IV. Aus dem Zulassungsvorbringen ergibt sich ferner keine Divergenz im Sinn von § 124 Abs. 2 Nr. 4 VwGO. Die Darlegung einer Divergenz setzt voraus, dass der Kläger einen inhaltlich bestimmten, die angegriffene Entscheidung tragenden abstrakten Rechts- oder verallgemeinerungsfähigen Tatsachensatz benennt, mit dem die Vorinstanz einem in der Rechtsprechung der übergeordneten Gerichte aufgestellten ebensolchen Rechts- oder Tatsachensatz in Anwendung derselben Rechtsvorschrift widersprochen hat. Behauptet der Kläger hingegen ausschließlich, das Verwaltungsgericht habe einen divergenzfähigen Rechts- oder Tatsachensatz fehlerhaft oder gar nicht angewendet, liegt darin, selbst wenn diese Behauptung zuträfe, lediglich ein Subsumtionsfehler des Verwaltungsgerichts, aber keine Abweichung im Sinne des § 124 Abs. 2 Nr. 4 VwGO.
Vgl. zu § 132 Abs. 2 Nr. 2 VwGO: BVerwG, Beschluss vom 16. September 2020 - 8 B 22.20 -, juris, Rn. 4; zu § 124 Abs. 2 Nr. 4 VwGO: OVG NRW, Beschluss vom 23. Dezember 2025 - 5 A 1807/23 -, juris, Rn. 51 f., m. w. N.

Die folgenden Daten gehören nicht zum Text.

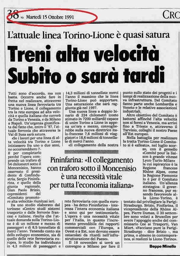 Era 15 ottobre del 1991, 32 (trentadue) anni fa e Pininfarina sulle pagine dei giornali gridava quanto fosse imminente il collasso della linea ferroviaria esistente. Non solo non è collassata ma i traffici sono diminuiti e adesso i treni ad alta velocita collegano Torino alla Francia attraverso il Frejus.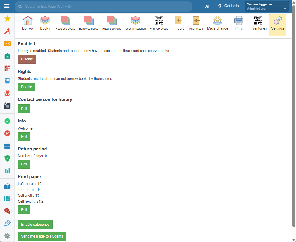 In the “Settings” tab, you can enable or disable access to the Library module, allow teachers and students borrow books by themselves, set the library contact person, define library information visible to users, set the loan period, set the print size of QR-code labels, enable a broader list of categories and create and send a message to students.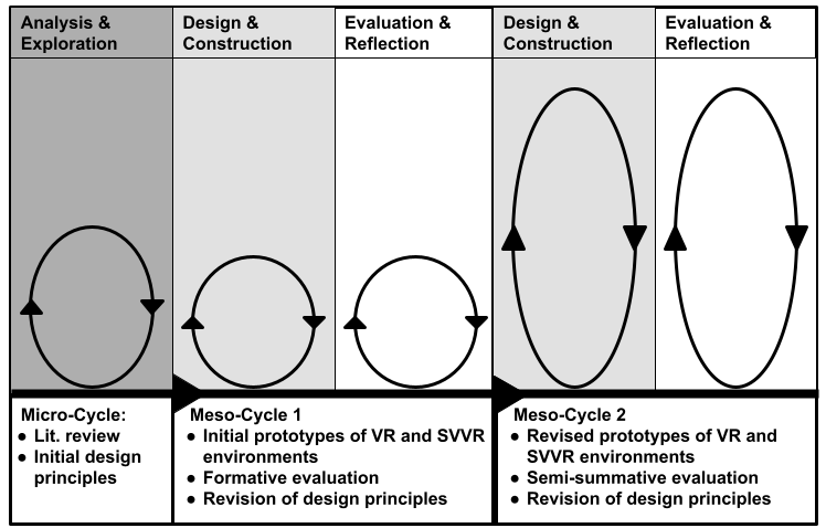 Further, the absence of a standardized procedure for assessing the generalization of skills in XR (Khowaja et al. in 2020) necessitated we devise novel methods for evaluating generalization in Virtuoso (Schmidt et al., 2023a). Although our approach was fraught with unprecedented challenges in terms of design, technology, and user diversity, our results were predominantly positive, ultimately representing a pioneering step in XR applications for autistic individuals and thereby laying a fresh foundation for future innovations in this research area. In part, such positive outcomes were made possible due to our adoption of a DBR methodological approach, which we describe in the following section.

Bei dem durch den Kläger bezeichneten „Standpunkt“ des beschließenden Senats, wonach eine Sonderabgabe mit Finanzierungsfunktion nicht zur Finanzierung allgemeiner Arten- und Naturschutzprojekten herangezogen werden dürfe, den dieser im Rahmen der mündlichen Verhandlung zum Verfahren 9 A 2016/15 eingenommen haben soll, handelt es sich schon nicht um einen Rechtssatz im obigen Sinn, der überhaupt in einer Entscheidung zum Tragen gekommen wäre. Das genannte Verfahren ist vielmehr nach übereinstimmender Hauptsachenerledigung mit Beschluss vom 19. November 2018 eingestellt worden, ohne dass der Senat hierzu inhaltlich Stellung genommen hätte. Unabhängig davon genügt die Abweichungsrüge auch insoweit nicht dem Darlegungserfordernis des § 124a Abs. 4 Satz 4 VwGO, als der Kläger dem Verwaltungsgericht zu Unrecht unterstellt, einen gegenteiligen Rechtssatz aufgestellt zu haben. Dies ist nicht der Fall. Das Verwaltungsgericht bewertet die Fischereiabgabe nach § 36 Abs. 2 LFischG NRW a. F. (heute: § 36a LFischG NRW) gerade als zulässige Sonderabgabe mit Finanzierungsfunktion zur Verfolgung eines besonderen Sachzwecks, konkret der Förderung der Fischerei.
Die Kostenentscheidung folgt aus § 154 Abs. 2 VwGO.
Die Streitwertfestsetzung beruht auf § 47 Abs. 1 und 3, § 52 Abs. 1, Abs. 3 Satz 1 GKG.
Dieser Beschluss ist unanfechtbar (§ 152 Abs. 1 VwGO, § 68 Abs. 1 Satz 5 i. V. m. § 66 Abs. 3 Satz 3 GKG).